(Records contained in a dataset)
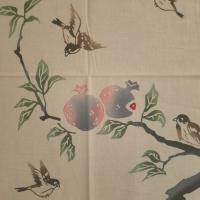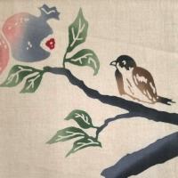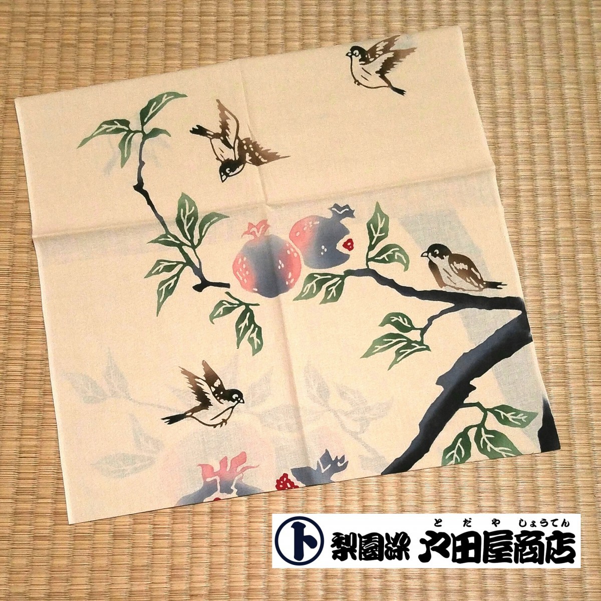 てぬぐい 石榴に雀 ざくろ 吉祥果 すずめ 野鳥 四季 秋 日本製 特岡 木綿 梨園染 注染 戸田屋商店 贈り物 趣味 インテリア ネコポス送料無料
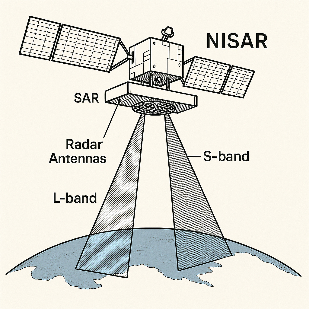 NISAR's most distinctive feature is its dual-band Synthetic Aperture Radar (SAR) system, making it the first satellite to employ both L-band and S-band radars simultaneously. This innovative approach provides complementary capabilities:
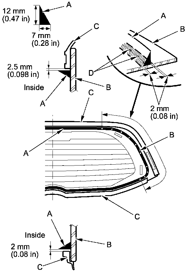 20. Put the cartridge in a caulking gun, and run a continuous bead of adhesive (A) around the edge of the rear window (B) and along the rubber dams (C) as shown. Apply the adhesive to both side portions of the rear window, using the printed dots (D) on the rear window as a guide. Apply the adhesive within 30 minutes after applying the glass primer. Make a slightly thicker bead at each corner.
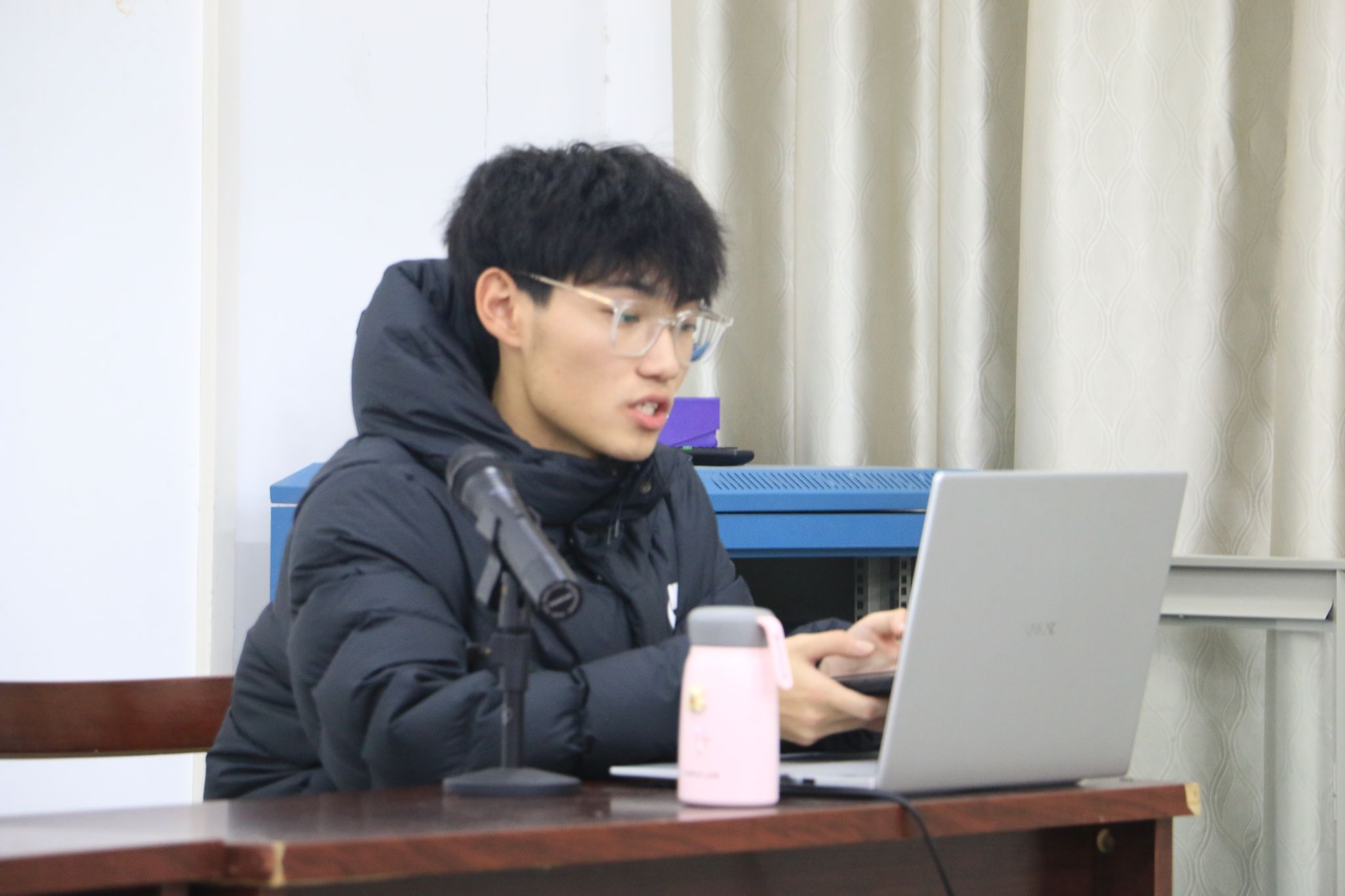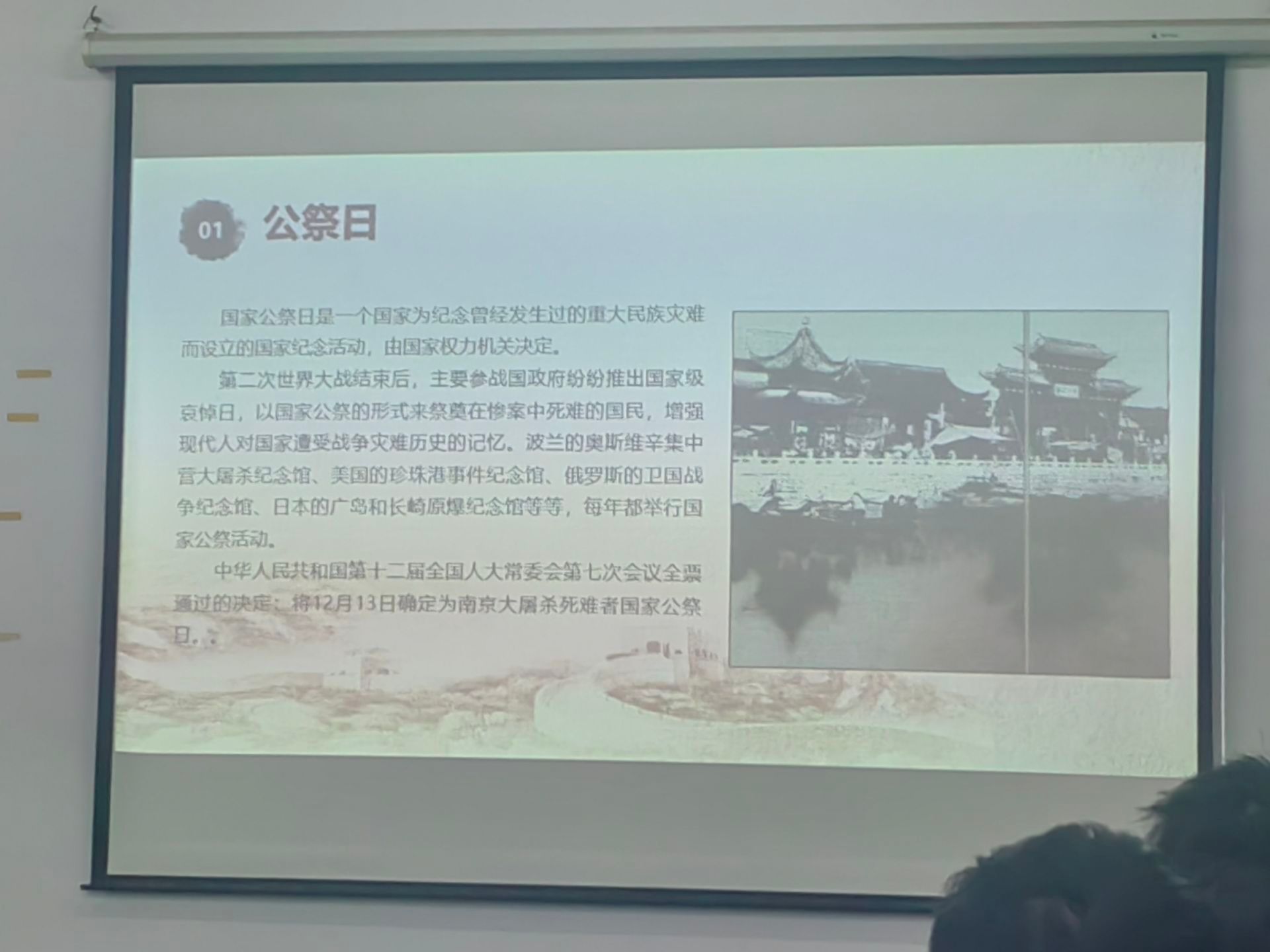 活动伊始,院青协办公室成员宋子成讲解“南京大屠杀”PPT内容,现场沉重严肃,南京大屠杀是所有国人心中不可痊愈的伤疤。
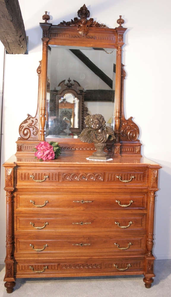 Wunderschöne Kommode in edlem Nussbaum um 1880 Wunderschöne Kommode mit Spiegelaufsatz in edlem Nussbaum um 1880 Breite 1,20 m Tiefe 55 cm Höhe 2,26 m 0.00 € |

→ BRIEF
In the records, the line containing "NISAR's most distinctive" starts the span and the final line ends it. Output exactly that span, both ends included, with no pictures and nothing else.

→ TASK SOLUTION
 NISAR's most distinctive feature is its dual-band Synthetic Aperture Radar (SAR) system, making it the first satellite to employ both L-band and S-band radars simultaneously. This innovative approach provides complementary capabilities:
 20. Put the cartridge in a caulking gun, and run a continuous bead of adhesive (A) around the edge of the rear window (B) and along the rubber dams (C) as shown. Apply the adhesive to both side portions of the rear window, using the printed dots (D) on the rear window as a guide. Apply the adhesive within 30 minutes after applying the glass primer. Make a slightly thicker bead at each corner.
 活动伊始,院青协办公室成员宋子成讲解“南京大屠杀”PPT内容,现场沉重严肃,南京大屠杀是所有国人心中不可痊愈的伤疤。
 Wunderschöne Kommode in edlem Nussbaum um 1880 Wunderschöne Kommode mit Spiegelaufsatz in edlem Nussbaum um 1880 Breite 1,20 m Tiefe 55 cm Höhe 2,26 m 0.00 € |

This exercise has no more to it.